これで、今からこの穴に飛び込んでも、俺とルイスの魔力で作られた土人形ゴーレムがコピーとして本体と性格・話し方・気配など寸分違わぬ動きをする。


本体と見分けるには、土人形ゴーレムと本体が言葉を交わしたときに土人形ゴーレム側が壊れる他ない。



 そしてこの土人形ゴーレムを木々の間に隠しておき、沼の淵に再び降り立った。


『そうですね、保険としては最適だと思います。

沼が口を開くタイミングで飛び込みますが、よろしいですか?』


「あぁ。…3、2、1今だ。行くぞ」


 沼が口を開いた瞬間に、ルイスの飛行部隊として持ち合わせている急速度で沼に飛び込んだ。
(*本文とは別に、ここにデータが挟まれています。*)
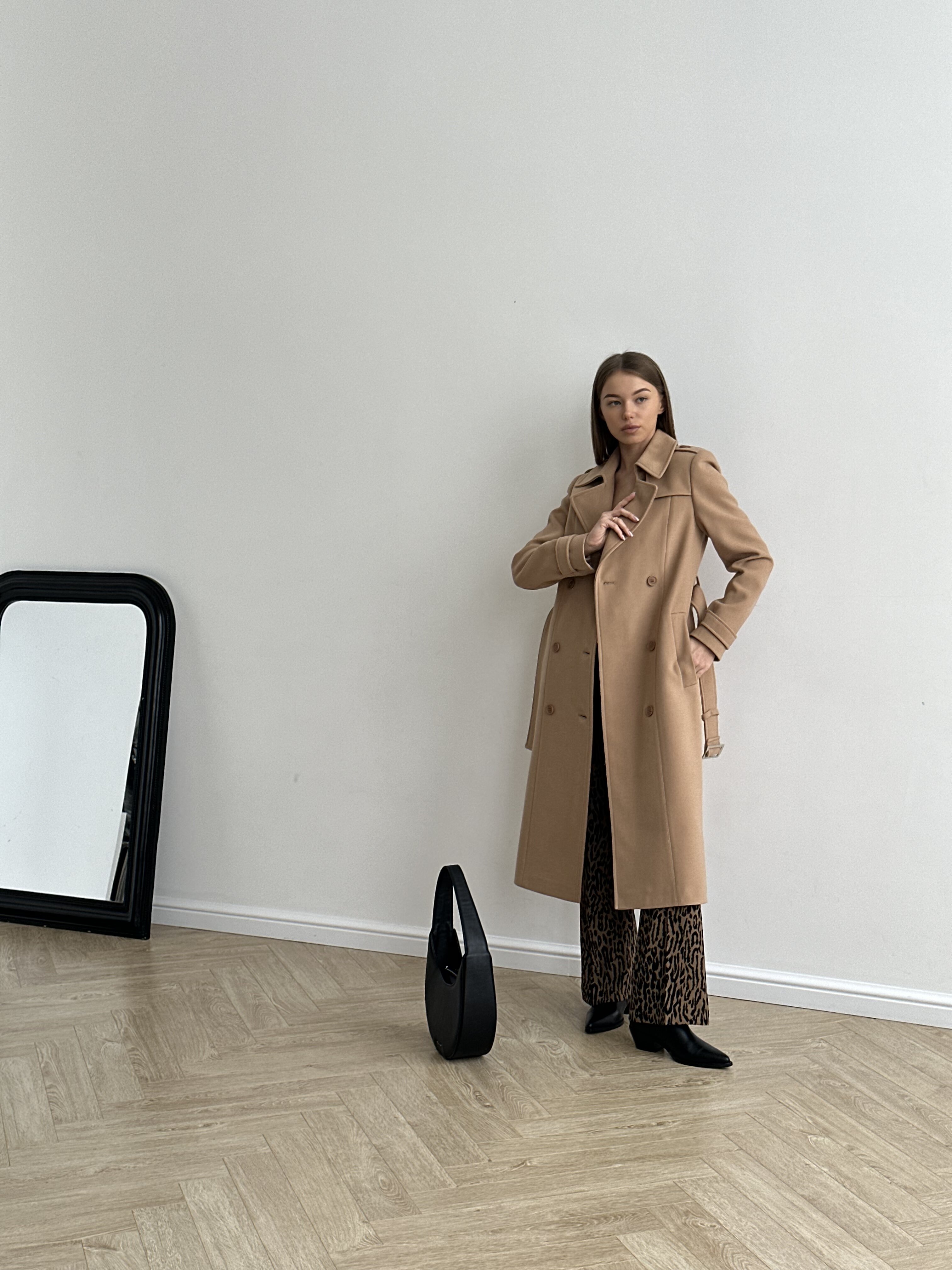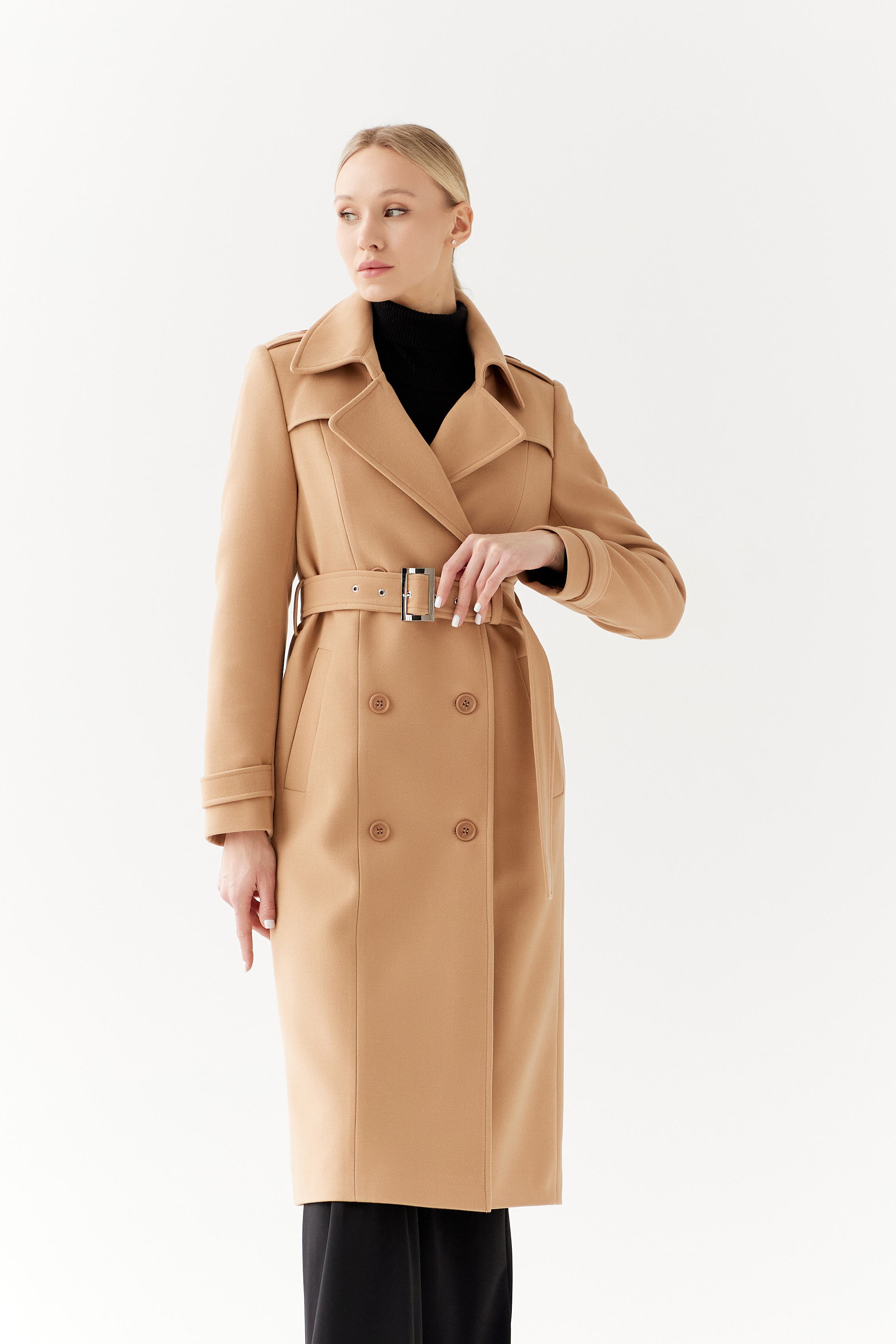 Пальто прямого силуэта, среднего объема.
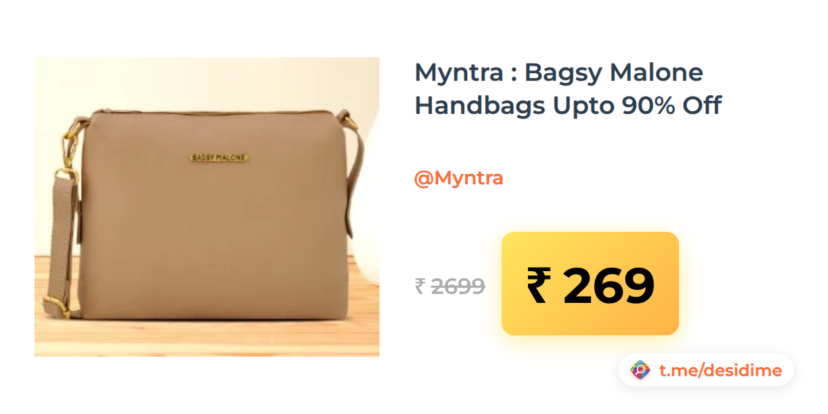 90% off on - Myntra : Bagsy Malone Handbags Upto 90% Off - Rs. 269
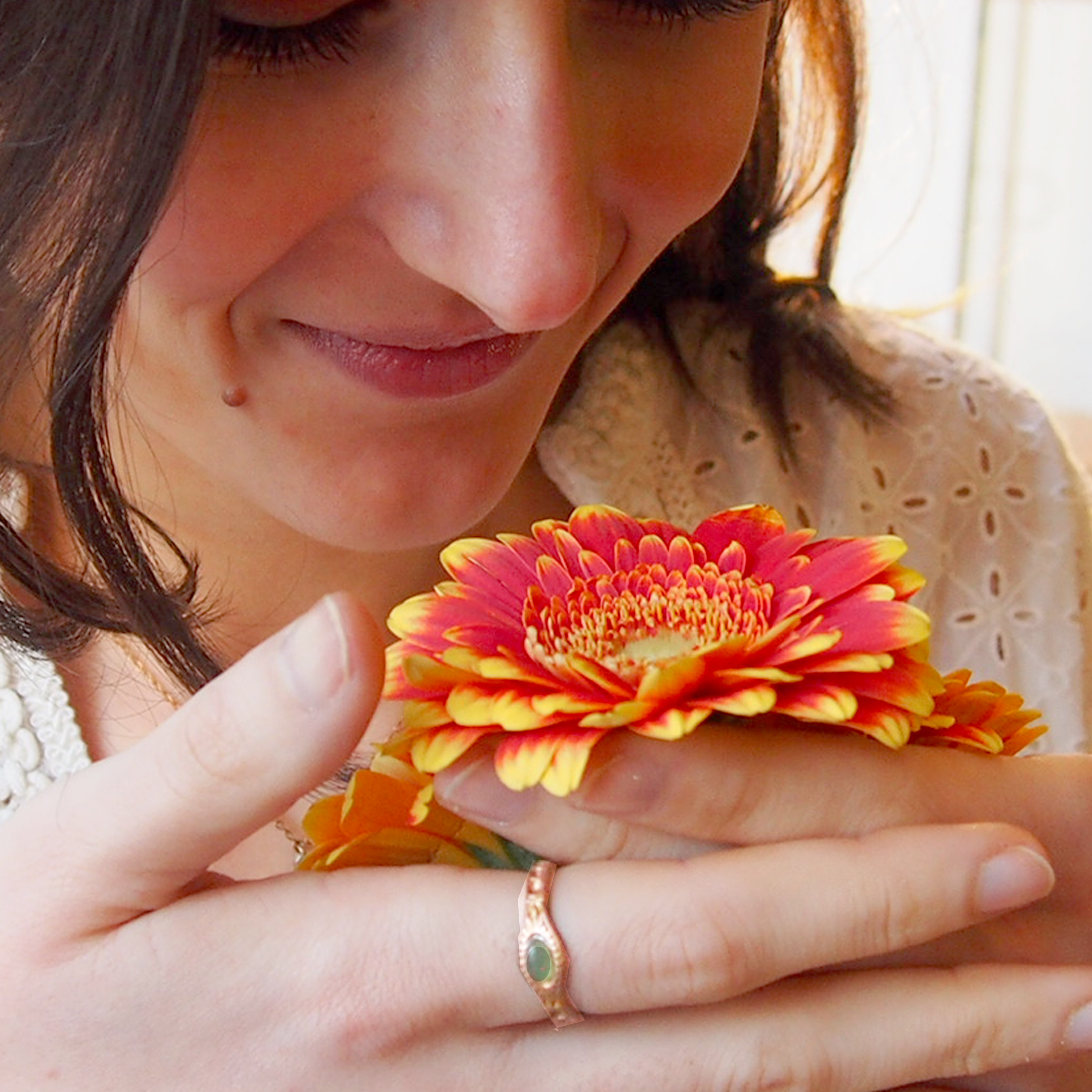 La collection Caribé est un ensemble de bijoux très fins, solaires, parsemés de pierres d'amazonite verte.

そのスピードは最大限の内のほんの一部に過ぎないが、ヒトの肉眼では追えず突然の突風くらいにしか感じられない。ドラゴンの内でも、飛行部隊で訓練を積んでいる者でないと誰が、という認識はできないという。


 外の世界のことは自信作の土人形ゴーレム達が適当にしてくれるだろう。

風の便りが届く範囲でなら、此方の思っていることをそのまま伝えることもできる優れものだしな。



‐Ivy‐



 たった二人で沼に近づき、付近の魔力と比べて感知を行っているらしいエヴァン達を大分離れた上空から見守っている俺達二人も、辺りに漂う魔力の感知を行っていた。


辺りに漂っているのは、どういった周期で開くのかが謎な沼からの魔力がほとんどで、他の俺達の魔力は妨害されているようで、仲間のものらしき魔力は一切感じられない。


 そして、何度目かの沼が開いた瞬間にどこからともなく突風が吹いた。



「きゃあっ!」


「うおっ!」


 その突風は風の気流が見えないほど早く、中高度上空にいた俺達はやや流されながらも、エヴァン達の姿を探した。今の突風で沼に吸い込まれていないかを確認するために。


あのドラゴンの大きさなら早々飛ばされることはないかもしれないが、あの沼の近くなだけに、一瞬冷や汗が伝った。



「アイビーさん!沼の近くの林の中!」


 飛ばされたことによって多少距離が空いてしまったが、リグの高い声は小さいながらも聞きとることができた。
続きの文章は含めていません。